Contribution de René Longet, mars 2008

Le contraste ne pourrait guère être plus grand : fin février, les ONG environnementales déposent l’initiative populaire fédérale «pour un climat sain». Dix jours auparavant le programme en la matière du Conseil fédéral n’était autre qu’un aveu de faiblesse, une liste de vœux pieux et d’effets d’annonce.

L’initiative, fondée sur des analyses scientifiques internationales, demande d’ici 2020 une réduction de 30% des gaz à effet de serre par rapport à leur niveau de 1990, date de la négociation de la convention cadre des Nations Unies sur le changement climatique. Cet objectif est modeste, si on le compare à ce qu’une étude récente de l’EPFZ (1): pour cette institution dont le sérieux ne peut guère être mis en doute, c’est une division par 9 des émissions qu’il faut obtenir d’ici la fin du siècle ! Certes, l’échéance – la fin du siècle – est encore loin, mais tout de même, passer de la moyenne de 9 t par an et par personne à 1 tonne c’est encore autre chose ! C’est pourquoi, la notion de «décarbonisation» est aujourd’hui mise en avant, sachant que le potentiel de rationalisation est considérable.

Des pistes d’action connues

Ce potentiel passe par des enjeux tels que :

 • Une autre organisation de la mobilité (environ 30% de la consommation d’énergies fossiles)

Il faut tendre vers un meilleur usage de la voiture (autopartage, co-voiturage), des modèles moins polluants ainsi qu’une promotion accrue des transports publics et de la sécurité pour deux-roues et piétons.

Si les performances des véhicules s’améliorent, cela ne doit plus être compensé par un nombre croissant de parcours et de véhicules, ou une augmentation de la puissance de ces derniers. Il faut réussir à aboutir à une réduction nette.

De même, l’aviation doit être réservée aux relations lointaines et réellement nécessaires, ce qui demande un questionnement du tourisme de masse à la recherche de bronzage avant tout et nullement de découvertes nouvelles !

• Une même approche s’impose pour le bâtiment (environ 40% de la consommation, essentiellement pour le chauffage(2))
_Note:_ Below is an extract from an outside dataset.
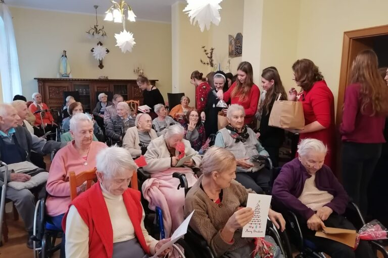 Dziś kolędowaliśmy z młodzieżą z III Liceum w Lesznie. Młodzież złożyła życzenia naszym Mieszkańcom i wręczyła piękne kartki świąteczne oraz drobne prezenty.

Dans ce domaine, les standards comme minergie-eco (voir l’association ecobau ou la recommandation SIA112/I bâtir durable(3)) permettent d’atteindre des niveaux de consommation équivalents au quart de la moyenne actuelle. Cependant, sans un programme volontariste de rénovation énergétique, l’essentiel de l’énergie de chauffage continuera d’être brûlé pour rien.

• La réduction de l’énergie grise, à savoir l’énergie contenue dans un bien ou un service (typiquement : pommes importées de Nouvelle Zélande, pavés en provenance de Chine ou du Brésil).

• En dernier lieu, l’augmentation forte de la part des énergies renouvelables (actuellement 17% en Suisse, essentiellement de l’électricité hydraulique)

Solaire, éolien, utilisation de la chaleur de l’environnement, biomasse, bois, etc., ne doivent pas occulter l’indispensable rationalisation de la consommation car sinon, on verserait littéralement ces énergies certes renouvelables mais néanmoins limitées dans un «tonneau sans fond».

En attendant, le changement climatique avance…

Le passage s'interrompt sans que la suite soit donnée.